WHAT YOU HAVE TO DO:
Everything in the listing should be restated word for word.

DATASET:
# # # #
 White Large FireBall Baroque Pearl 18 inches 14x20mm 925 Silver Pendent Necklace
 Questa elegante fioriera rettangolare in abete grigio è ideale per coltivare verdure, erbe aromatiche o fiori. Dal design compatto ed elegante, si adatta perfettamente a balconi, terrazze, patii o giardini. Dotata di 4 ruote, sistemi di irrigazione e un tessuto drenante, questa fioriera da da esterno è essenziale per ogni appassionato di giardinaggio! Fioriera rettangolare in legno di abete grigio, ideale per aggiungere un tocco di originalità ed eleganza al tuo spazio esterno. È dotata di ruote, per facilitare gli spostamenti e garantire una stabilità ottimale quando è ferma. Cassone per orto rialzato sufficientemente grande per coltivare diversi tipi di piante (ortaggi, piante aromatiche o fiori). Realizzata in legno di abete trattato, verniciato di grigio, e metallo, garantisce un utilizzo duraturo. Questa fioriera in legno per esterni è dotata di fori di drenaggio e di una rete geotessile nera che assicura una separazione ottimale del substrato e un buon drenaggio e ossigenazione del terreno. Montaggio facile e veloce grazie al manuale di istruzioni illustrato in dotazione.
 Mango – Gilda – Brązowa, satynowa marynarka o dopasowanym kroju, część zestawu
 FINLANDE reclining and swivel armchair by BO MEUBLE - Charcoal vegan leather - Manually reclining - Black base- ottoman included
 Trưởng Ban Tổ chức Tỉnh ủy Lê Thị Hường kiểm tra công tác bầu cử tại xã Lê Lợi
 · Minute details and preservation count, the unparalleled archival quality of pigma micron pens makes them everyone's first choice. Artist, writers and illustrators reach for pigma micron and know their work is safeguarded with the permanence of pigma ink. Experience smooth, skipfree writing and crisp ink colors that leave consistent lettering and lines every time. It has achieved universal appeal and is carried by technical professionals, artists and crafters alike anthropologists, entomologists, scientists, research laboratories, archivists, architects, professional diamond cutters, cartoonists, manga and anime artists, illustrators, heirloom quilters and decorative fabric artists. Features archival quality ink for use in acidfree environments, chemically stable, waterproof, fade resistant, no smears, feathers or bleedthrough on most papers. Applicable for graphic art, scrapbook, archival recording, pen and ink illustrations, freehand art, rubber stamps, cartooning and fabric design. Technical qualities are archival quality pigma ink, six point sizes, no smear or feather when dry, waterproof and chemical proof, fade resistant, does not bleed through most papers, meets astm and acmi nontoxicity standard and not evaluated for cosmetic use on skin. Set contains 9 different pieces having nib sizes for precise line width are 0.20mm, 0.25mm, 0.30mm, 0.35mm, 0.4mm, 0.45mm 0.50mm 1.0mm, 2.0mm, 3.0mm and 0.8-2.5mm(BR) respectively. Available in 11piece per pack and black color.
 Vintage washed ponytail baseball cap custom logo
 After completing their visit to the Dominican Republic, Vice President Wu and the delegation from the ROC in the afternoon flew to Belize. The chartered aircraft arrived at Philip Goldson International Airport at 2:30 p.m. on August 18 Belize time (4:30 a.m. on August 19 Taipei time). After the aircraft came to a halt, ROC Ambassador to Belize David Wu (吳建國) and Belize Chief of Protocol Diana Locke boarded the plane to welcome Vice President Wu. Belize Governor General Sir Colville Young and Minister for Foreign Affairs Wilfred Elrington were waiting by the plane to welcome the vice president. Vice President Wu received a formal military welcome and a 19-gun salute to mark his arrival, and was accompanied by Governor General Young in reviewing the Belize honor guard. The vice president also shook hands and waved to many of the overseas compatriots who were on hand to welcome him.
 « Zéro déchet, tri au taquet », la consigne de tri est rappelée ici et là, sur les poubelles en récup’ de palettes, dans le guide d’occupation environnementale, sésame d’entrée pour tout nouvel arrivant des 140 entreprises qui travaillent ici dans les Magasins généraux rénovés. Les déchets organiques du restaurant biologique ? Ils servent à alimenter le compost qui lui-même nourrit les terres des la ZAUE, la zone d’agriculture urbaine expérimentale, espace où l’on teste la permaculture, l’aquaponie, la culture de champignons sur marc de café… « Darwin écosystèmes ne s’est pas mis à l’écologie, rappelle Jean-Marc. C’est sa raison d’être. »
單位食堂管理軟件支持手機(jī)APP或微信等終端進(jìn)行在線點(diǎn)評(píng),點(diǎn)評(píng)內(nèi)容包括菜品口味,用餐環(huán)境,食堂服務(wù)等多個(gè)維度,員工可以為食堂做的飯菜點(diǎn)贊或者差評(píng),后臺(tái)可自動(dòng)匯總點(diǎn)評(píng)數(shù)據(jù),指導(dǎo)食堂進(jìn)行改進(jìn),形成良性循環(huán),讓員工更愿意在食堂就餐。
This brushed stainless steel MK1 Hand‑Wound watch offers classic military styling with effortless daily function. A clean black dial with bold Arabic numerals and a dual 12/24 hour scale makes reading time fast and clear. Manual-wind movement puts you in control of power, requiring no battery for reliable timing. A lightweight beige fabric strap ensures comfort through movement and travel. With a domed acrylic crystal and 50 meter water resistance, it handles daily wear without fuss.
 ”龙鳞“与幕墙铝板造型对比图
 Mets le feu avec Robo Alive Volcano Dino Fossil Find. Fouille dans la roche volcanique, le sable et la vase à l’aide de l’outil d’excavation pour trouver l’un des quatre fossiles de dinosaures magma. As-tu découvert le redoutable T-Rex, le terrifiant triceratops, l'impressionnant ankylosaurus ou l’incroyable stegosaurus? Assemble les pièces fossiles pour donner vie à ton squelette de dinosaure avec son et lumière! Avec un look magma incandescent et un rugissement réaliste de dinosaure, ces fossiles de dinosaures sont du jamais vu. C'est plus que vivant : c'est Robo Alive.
# # # #
EXERCISE RESPONSE:
 White Large FireBall Baroque Pearl 18 inches 14x20mm 925 Silver Pendent Necklace
 Questa elegante fioriera rettangolare in abete grigio è ideale per coltivare verdure, erbe aromatiche o fiori. Dal design compatto ed elegante, si adatta perfettamente a balconi, terrazze, patii o giardini. Dotata di 4 ruote, sistemi di irrigazione e un tessuto drenante, questa fioriera da da esterno è essenziale per ogni appassionato di giardinaggio! Fioriera rettangolare in legno di abete grigio, ideale per aggiungere un tocco di originalità ed eleganza al tuo spazio esterno. È dotata di ruote, per facilitare gli spostamenti e garantire una stabilità ottimale quando è ferma. Cassone per orto rialzato sufficientemente grande per coltivare diversi tipi di piante (ortaggi, piante aromatiche o fiori). Realizzata in legno di abete trattato, verniciato di grigio, e metallo, garantisce un utilizzo duraturo. Questa fioriera in legno per esterni è dotata di fori di drenaggio e di una rete geotessile nera che assicura una separazione ottimale del substrato e un buon drenaggio e ossigenazione del terreno. Montaggio facile e veloce grazie al manuale di istruzioni illustrato in dotazione.
 Mango – Gilda – Brązowa, satynowa marynarka o dopasowanym kroju, część zestawu
 FINLANDE reclining and swivel armchair by BO MEUBLE - Charcoal vegan leather - Manually reclining - Black base- ottoman included
 Trưởng Ban Tổ chức Tỉnh ủy Lê Thị Hường kiểm tra công tác bầu cử tại xã Lê Lợi
 · Minute details and preservation count, the unparalleled archival quality of pigma micron pens makes them everyone's first choice. Artist, writers and illustrators reach for pigma micron and know their work is safeguarded with the permanence of pigma ink. Experience smooth, skipfree writing and crisp ink colors that leave consistent lettering and lines every time. It has achieved universal appeal and is carried by technical professionals, artists and crafters alike anthropologists, entomologists, scientists, research laboratories, archivists, architects, professional diamond cutters, cartoonists, manga and anime artists, illustrators, heirloom quilters and decorative fabric artists. Features archival quality ink for use in acidfree environments, chemically stable, waterproof, fade resistant, no smears, feathers or bleedthrough on most papers. Applicable for graphic art, scrapbook, archival recording, pen and ink illustrations, freehand art, rubber stamps, cartooning and fabric design. Technical qualities are archival quality pigma ink, six point sizes, no smear or feather when dry, waterproof and chemical proof, fade resistant, does not bleed through most papers, meets astm and acmi nontoxicity standard and not evaluated for cosmetic use on skin. Set contains 9 different pieces having nib sizes for precise line width are 0.20mm, 0.25mm, 0.30mm, 0.35mm, 0.4mm, 0.45mm 0.50mm 1.0mm, 2.0mm, 3.0mm and 0.8-2.5mm(BR) respectively. Available in 11piece per pack and black color.
 Vintage washed ponytail baseball cap custom logo
 After completing their visit to the Dominican Republic, Vice President Wu and the delegation from the ROC in the afternoon flew to Belize. The chartered aircraft arrived at Philip Goldson International Airport at 2:30 p.m. on August 18 Belize time (4:30 a.m. on August 19 Taipei time). After the aircraft came to a halt, ROC Ambassador to Belize David Wu (吳建國) and Belize Chief of Protocol Diana Locke boarded the plane to welcome Vice President Wu. Belize Governor General Sir Colville Young and Minister for Foreign Affairs Wilfred Elrington were waiting by the plane to welcome the vice president. Vice President Wu received a formal military welcome and a 19-gun salute to mark his arrival, and was accompanied by Governor General Young in reviewing the Belize honor guard. The vice president also shook hands and waved to many of the overseas compatriots who were on hand to welcome him.
 « Zéro déchet, tri au taquet », la consigne de tri est rappelée ici et là, sur les poubelles en récup’ de palettes, dans le guide d’occupation environnementale, sésame d’entrée pour tout nouvel arrivant des 140 entreprises qui travaillent ici dans les Magasins généraux rénovés. Les déchets organiques du restaurant biologique ? Ils servent à alimenter le compost qui lui-même nourrit les terres des la ZAUE, la zone d’agriculture urbaine expérimentale, espace où l’on teste la permaculture, l’aquaponie, la culture de champignons sur marc de café… « Darwin écosystèmes ne s’est pas mis à l’écologie, rappelle Jean-Marc. C’est sa raison d’être. »
單位食堂管理軟件支持手機(jī)APP或微信等終端進(jìn)行在線點(diǎn)評(píng),點(diǎn)評(píng)內(nèi)容包括菜品口味,用餐環(huán)境,食堂服務(wù)等多個(gè)維度,員工可以為食堂做的飯菜點(diǎn)贊或者差評(píng),后臺(tái)可自動(dòng)匯總點(diǎn)評(píng)數(shù)據(jù),指導(dǎo)食堂進(jìn)行改進(jìn),形成良性循環(huán),讓員工更愿意在食堂就餐。
This brushed stainless steel MK1 Hand‑Wound watch offers classic military styling with effortless daily function. A clean black dial with bold Arabic numerals and a dual 12/24 hour scale makes reading time fast and clear. Manual-wind movement puts you in control of power, requiring no battery for reliable timing. A lightweight beige fabric strap ensures comfort through movement and travel. With a domed acrylic crystal and 50 meter water resistance, it handles daily wear without fuss.
 ”龙鳞“与幕墙铝板造型对比图
 Mets le feu avec Robo Alive Volcano Dino Fossil Find. Fouille dans la roche volcanique, le sable et la vase à l’aide de l’outil d’excavation pour trouver l’un des quatre fossiles de dinosaures magma. As-tu découvert le redoutable T-Rex, le terrifiant triceratops, l'impressionnant ankylosaurus ou l’incroyable stegosaurus? Assemble les pièces fossiles pour donner vie à ton squelette de dinosaure avec son et lumière! Avec un look magma incandescent et un rugissement réaliste de dinosaure, ces fossiles de dinosaures sont du jamais vu. C'est plus que vivant : c'est Robo Alive.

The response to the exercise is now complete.